━━ Provided data
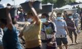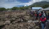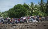 REPUBLIKA.CO.ID, FLORES TIMUR -- Sejumlah warga menanti kedatangan Presiden Joko Widodo yang akan meninjau lokasi tanah longsor di Desa Nelelamadike, Ile Boleng, Kabupaten Flores Timur, Nusa Tenggara Timur (NTT), Jumat (9/4/2021).
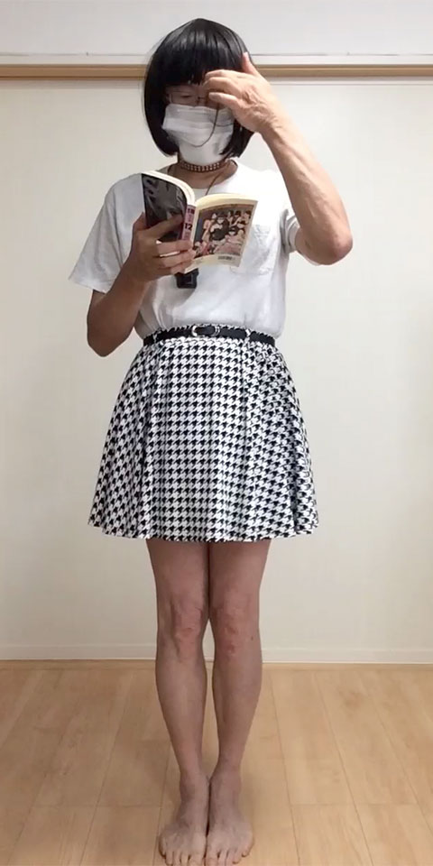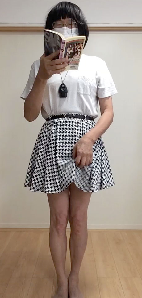 男モードでスカート姿になりました。ほんとうはこういう感じで日常生活を送りたいのです。必ずしもこんなに短いスカートでなくてもいいけれど、暑い日はやっぱり...
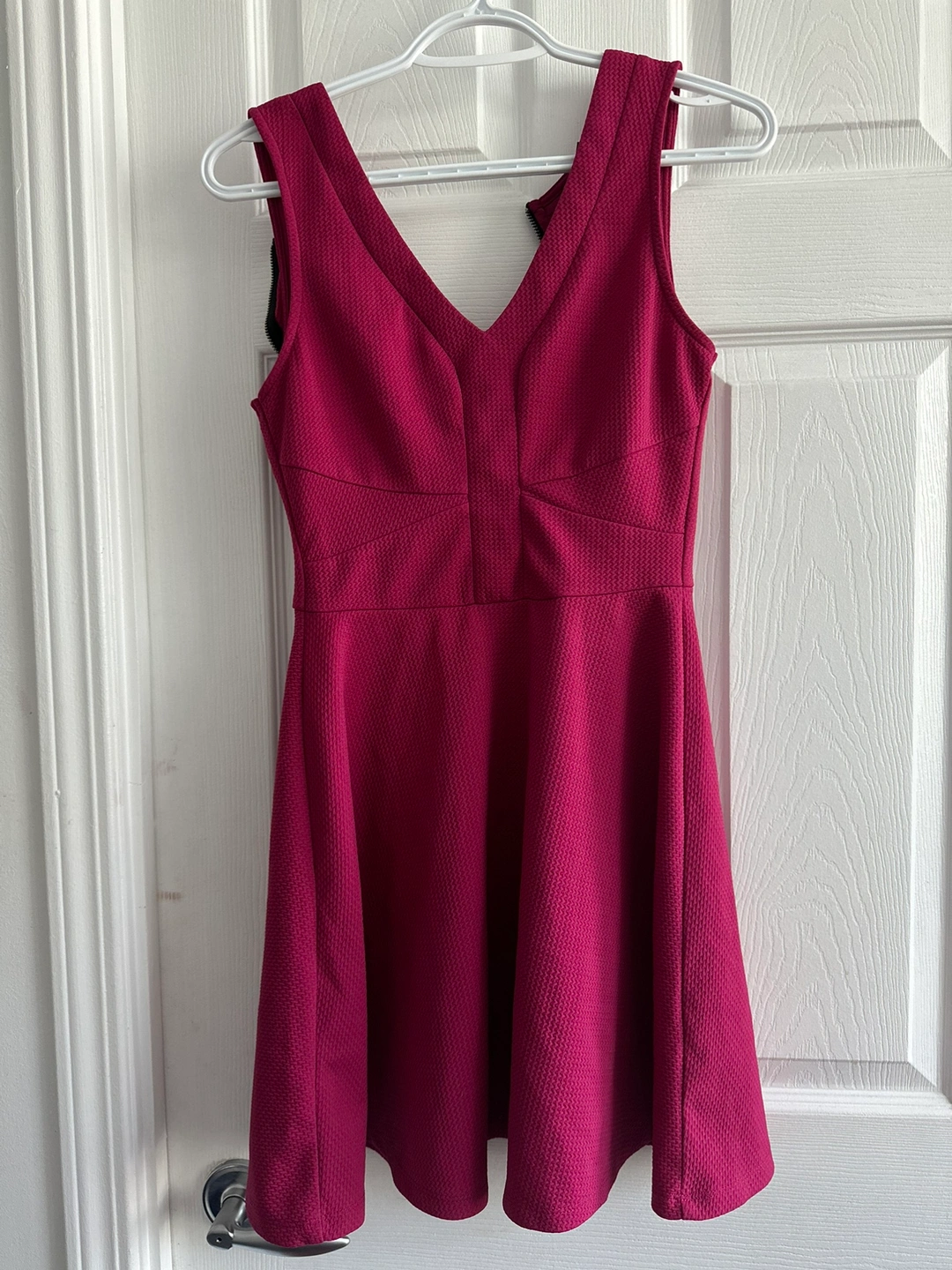This is a sleeveless, pink dress with a v-neckline and a back zipper. It has a fitted bodice and a flared skirt. It is in a size small.
━━━━
=== Your objective ===
Copy out the material exactly as it stands, though no picture should appear in the copy.

=== Solution to this problem ===
 REPUBLIKA.CO.ID, FLORES TIMUR -- Sejumlah warga menanti kedatangan Presiden Joko Widodo yang akan meninjau lokasi tanah longsor di Desa Nelelamadike, Ile Boleng, Kabupaten Flores Timur, Nusa Tenggara Timur (NTT), Jumat (9/4/2021).
 男モードでスカート姿になりました。ほんとうはこういう感じで日常生活を送りたいのです。必ずしもこんなに短いスカートでなくてもいいけれど、暑い日はやっぱり...
This is a sleeveless, pink dress with a v-neckline and a back zipper. It has a fitted bodice and a flared skirt. It is in a size small.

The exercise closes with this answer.